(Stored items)
○ ○ ○
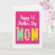 This card features a rich fuchsia background that fills the front like a bright stage for a family celebration. Near the top, a line of flowing white lettering sits centered and reads like an opening note before the main message. Below it, the word “MOM” appears in large, chunky letters that feel affectionate and close, like a hug in print ❤️. The first “M” is mint green with small dots and crisp white stars, giving it a sweet, childlike sparkle. The “O” is red with white vertical stripes and has a red heart perched above it, like a gentle sign of love between close family or friends. The last “M” matches the dotted-and-starred pattern but shifts to a warm yellow, adding a sunny, caring glow 🌼. Small flowers in orange, yellow, and teal are sprinkled around the letters, and the white stars stand out sharply against the mint and yellow shapes.
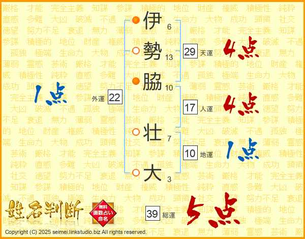 伊(6画)勢(13画)脇(10画) 壮(7画)大(3画)
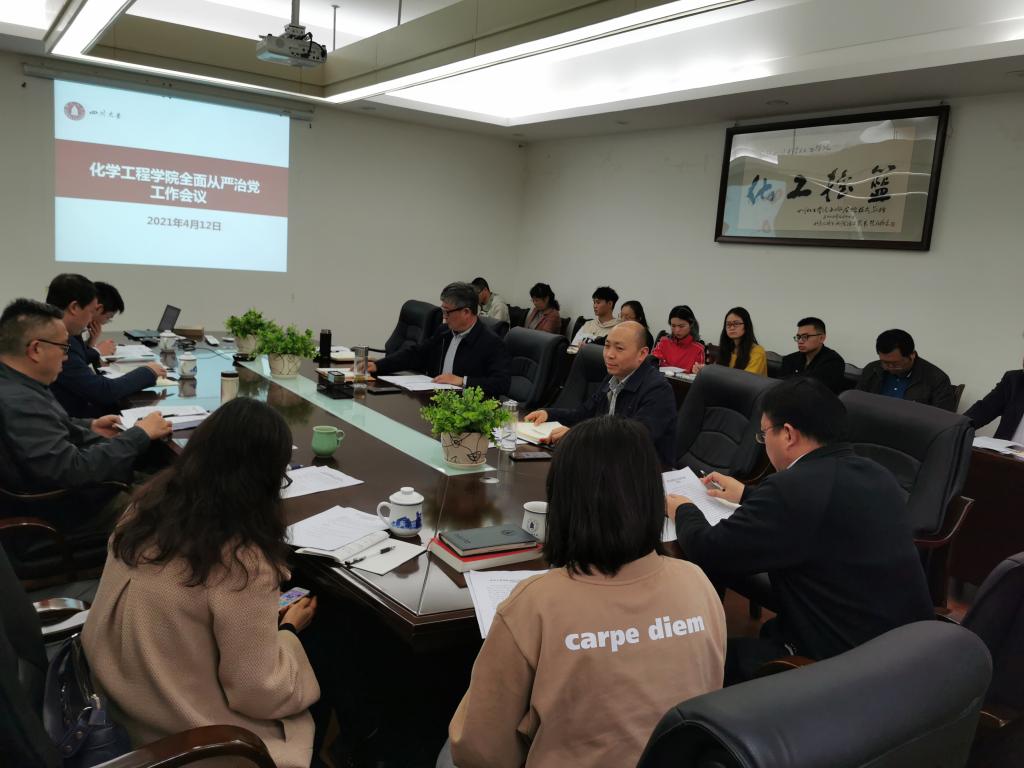 2021年4月12日下午,化学工程学院在望江校区化工楼235会议室组织召开2021年度全面从严治党工作会。学院全体班子成员、工会主席、专职组织员、纪委委员、各系级单位负责人、全体支部书记和科级干部参加会议。会议由学院党委副书记兼纪委书记李天友主持。
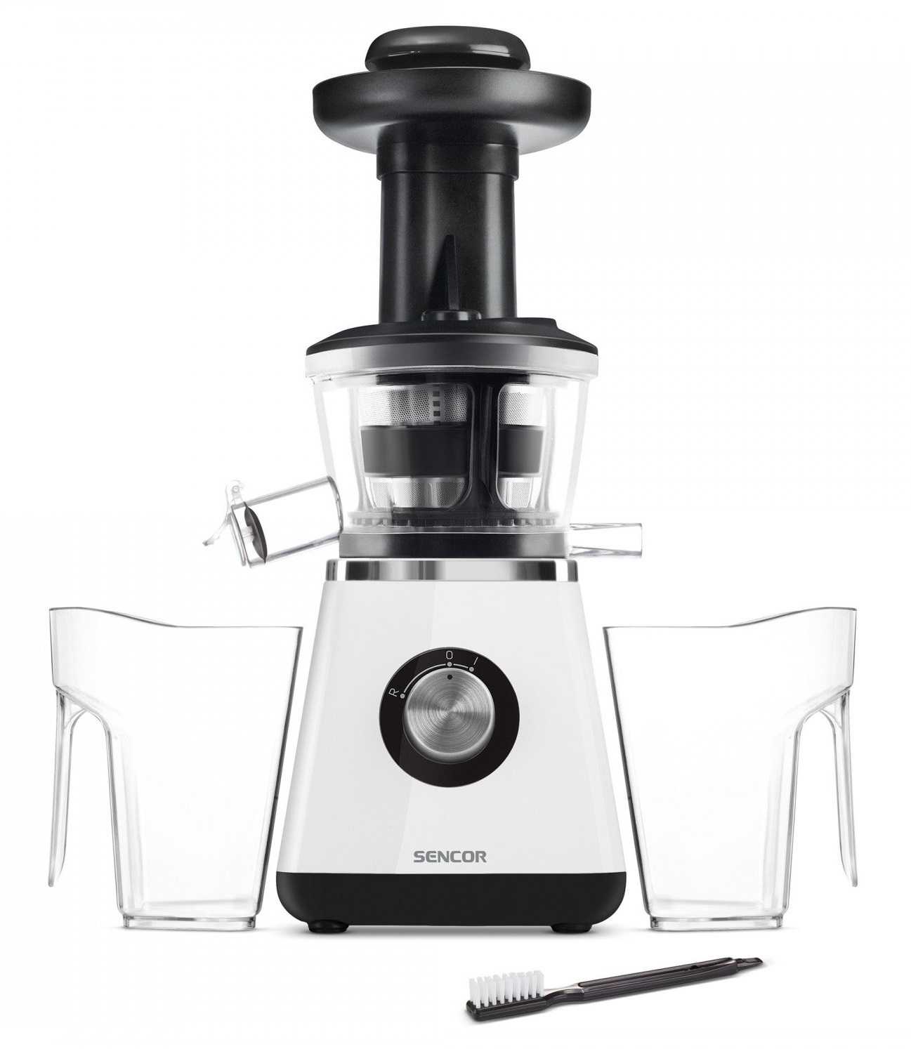 Для сбора жидкости и отработанного жмыха предусмотрен стакан и специальный лоток. Для очистки устройства в комплекте предоставляется специальная щеточка.
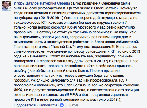 — Если вас уж сильно интересует мое мнение по поводу руководителя КП (Юрия Мостового, - прим.), то оно с 2013 года не изменилось. Стоит ли напоминать вам, при чьей поддержке господин Мостовой занял эту должность в 2013? Я позволю вам напомнить, что Олег Солтыс не только секретарь комиссии по ЖКХ, но и депутат «Оппозиционного блока», а соответственно его позиция — это позиция всего коллектива! - заявил Игорь Дятлов.
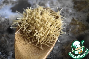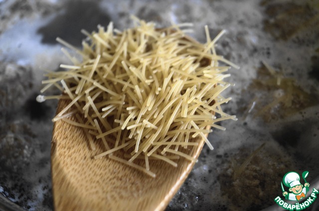 Затем всыпать вермишель и добавить зажарку, готовить до готовности вермишели.
○ ○ ○
Write out, word for word, the lines from the first line of the entries through the one containing "2021年4月12日下午,化", both included. Leave out the pictures.

- **Expected output**:
 This card features a rich fuchsia background that fills the front like a bright stage for a family celebration. Near the top, a line of flowing white lettering sits centered and reads like an opening note before the main message. Below it, the word “MOM” appears in large, chunky letters that feel affectionate and close, like a hug in print ❤️. The first “M” is mint green with small dots and crisp white stars, giving it a sweet, childlike sparkle. The “O” is red with white vertical stripes and has a red heart perched above it, like a gentle sign of love between close family or friends. The last “M” matches the dotted-and-starred pattern but shifts to a warm yellow, adding a sunny, caring glow 🌼. Small flowers in orange, yellow, and teal are sprinkled around the letters, and the white stars stand out sharply against the mint and yellow shapes.
 伊(6画)勢(13画)脇(10画) 壮(7画)大(3画)
 2021年4月12日下午,化学工程学院在望江校区化工楼235会议室组织召开2021年度全面从严治党工作会。学院全体班子成员、工会主席、专职组织员、纪委委员、各系级单位负责人、全体支部书记和科级干部参加会议。会议由学院党委副书记兼纪委书记李天友主持。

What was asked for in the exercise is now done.